### Task brief
Except for images, print the whole listing verbatim.
*** Opening of Entries shown ***
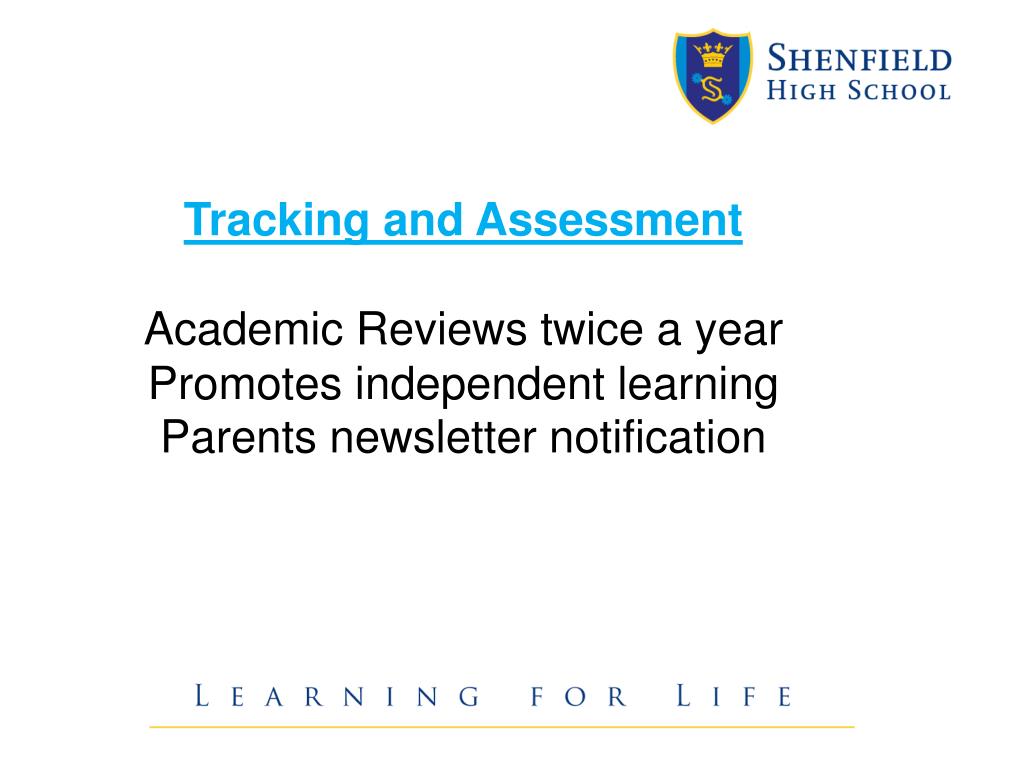 Tracking and AssessmentAcademic Reviews twice a yearPromotes independent learningParents newsletter notification
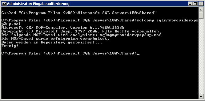 Wenn das entsprechende MOF File im SQL Verzeichnis vorhanden ist, kann das Problem so behoben werden:
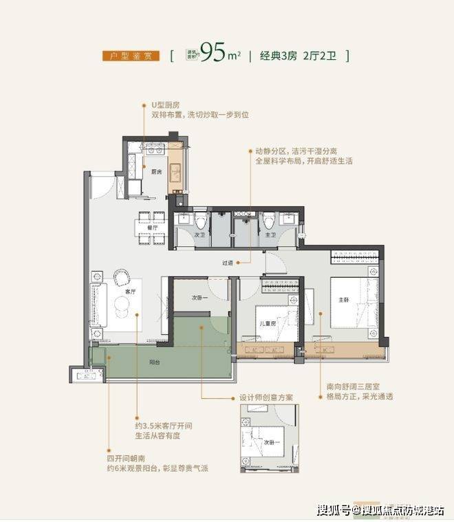 95㎡户型:该户型布局精巧,空间利用合理,十分适合刚需小家庭。整体动静分区,客厅与餐厅相连,形成开阔的公共活动区域,方便家人互动交流。客厅外接景观阳台,不仅增加采光通风,还可俯瞰小区园林景色,为生活增添一份惬意。主卧空间宽敞,可放置衣柜及舒适的大床,满足基本收纳与休息需求。次卧和书房的设计灵活,可根据家庭需求,将书房改造成儿童房或客房,满足不同阶段家庭结构变化。厨房采用 L 型设计,操作台面充足,洗、切、煮动线流畅,让烹饪变得轻松愉悦。卫生间干湿分离,提高使用效率,保持空间干爽。
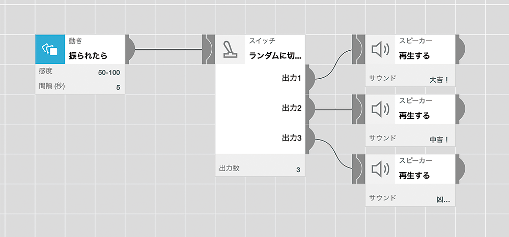 動きタグを振ると、ランダムに「大吉!」、「中吉!」、「凶…」など、あらかじめ録音しておいた結果メッセージを再生するように設定するだけ。
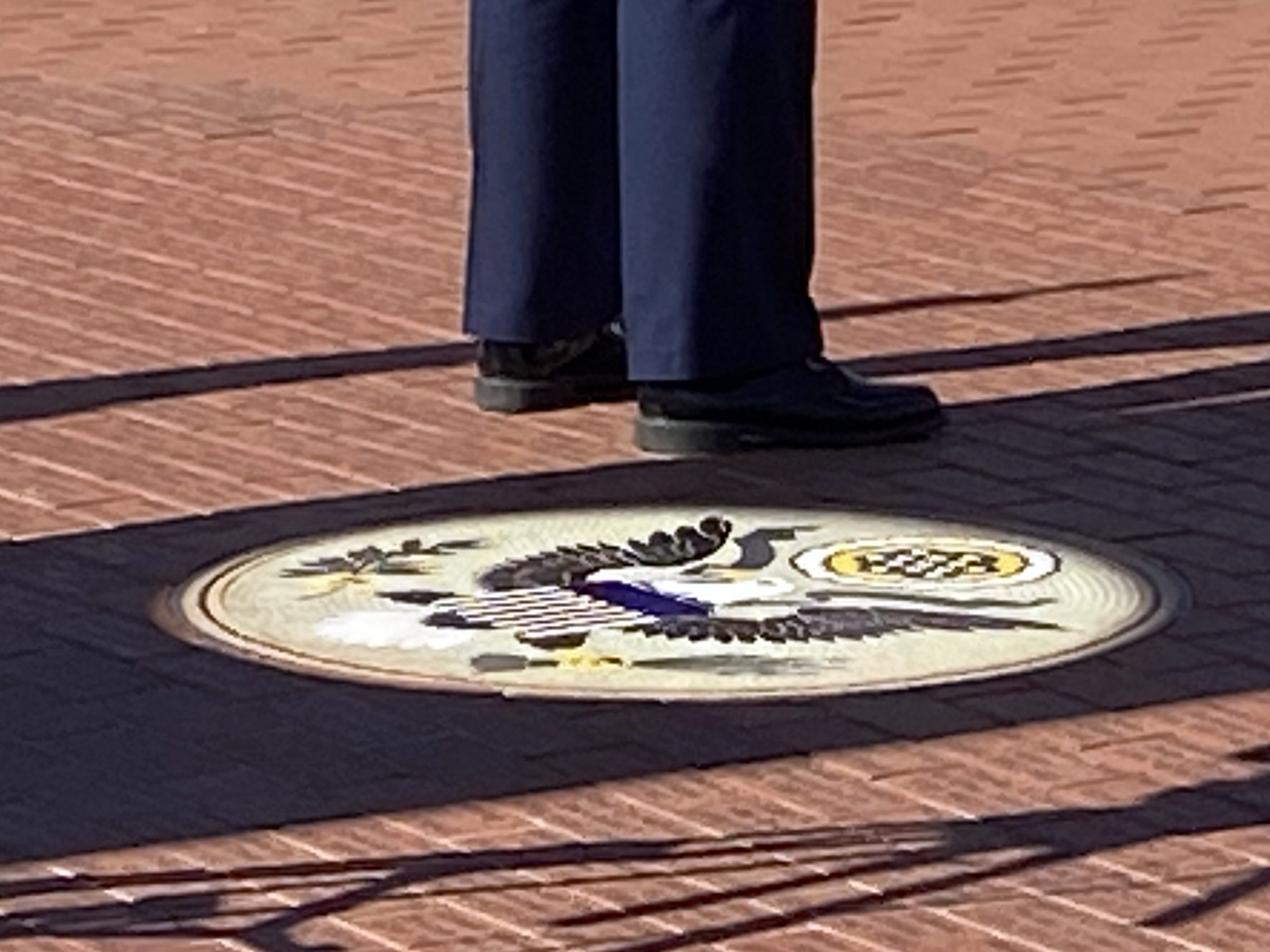 | On 11/11 (Veterans Day), at 11:11am, the sun aligns through the hole to shine perfectly on a plaque at the base of the pillars. |
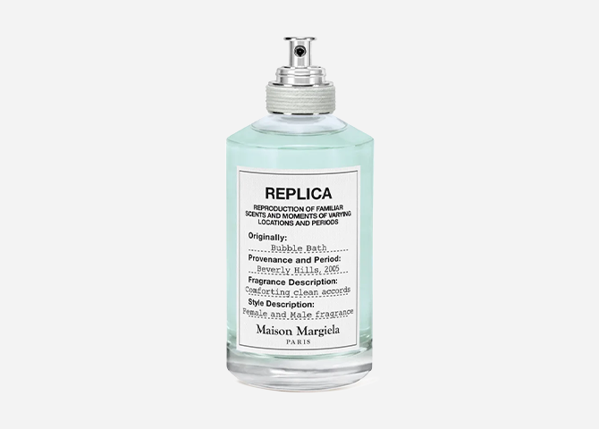В серию ольфакторных воспоминаний «Реплика» парфюмеры Maison Margiela включили реалистичный аромат ванны с пеной и мыльными пузырями. Мускусно-альдегидная композиция с нотами лаванды, жасмина, кокоса — эталон чистоты.
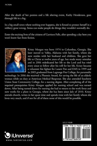 After the death of her parents and a life altering event, Kathy Henderson, goes through life in a fog. In a big small town where nothing ever happens, she is forced to protect herself in a robbery gone wrong. Stress can make people do things they wouldn't normally do. Enter the exciting lives of the citizens of Garrison Falls, after spending a day here you want know fact from fiction.
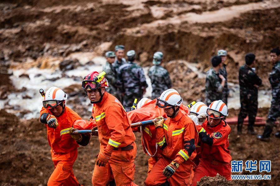 7月24日,救援人員從山體滑坡現(xiàn)場運出遇難者遺體。新華社記者 陶亮 攝
*** Close of Entries shown ***
### Solution to the problem
 Tracking and AssessmentAcademic Reviews twice a yearPromotes independent learningParents newsletter notification
 Wenn das entsprechende MOF File im SQL Verzeichnis vorhanden ist, kann das Problem so behoben werden:
 95㎡户型:该户型布局精巧,空间利用合理,十分适合刚需小家庭。整体动静分区,客厅与餐厅相连,形成开阔的公共活动区域,方便家人互动交流。客厅外接景观阳台,不仅增加采光通风,还可俯瞰小区园林景色,为生活增添一份惬意。主卧空间宽敞,可放置衣柜及舒适的大床,满足基本收纳与休息需求。次卧和书房的设计灵活,可根据家庭需求,将书房改造成儿童房或客房,满足不同阶段家庭结构变化。厨房采用 L 型设计,操作台面充足,洗、切、煮动线流畅,让烹饪变得轻松愉悦。卫生间干湿分离,提高使用效率,保持空间干爽。
 動きタグを振ると、ランダムに「大吉!」、「中吉!」、「凶…」など、あらかじめ録音しておいた結果メッセージを再生するように設定するだけ。
 | On 11/11 (Veterans Day), at 11:11am, the sun aligns through the hole to shine perfectly on a plaque at the base of the pillars. |
В серию ольфакторных воспоминаний «Реплика» парфюмеры Maison Margiela включили реалистичный аромат ванны с пеной и мыльными пузырями. Мускусно-альдегидная композиция с нотами лаванды, жасмина, кокоса — эталон чистоты.
 After the death of her parents and a life altering event, Kathy Henderson, goes through life in a fog. In a big small town where nothing ever happens, she is forced to protect herself in a robbery gone wrong. Stress can make people do things they wouldn't normally do. Enter the exciting lives of the citizens of Garrison Falls, after spending a day here you want know fact from fiction.
 7月24日,救援人員從山體滑坡現(xiàn)場運出遇難者遺體。新華社記者 陶亮 攝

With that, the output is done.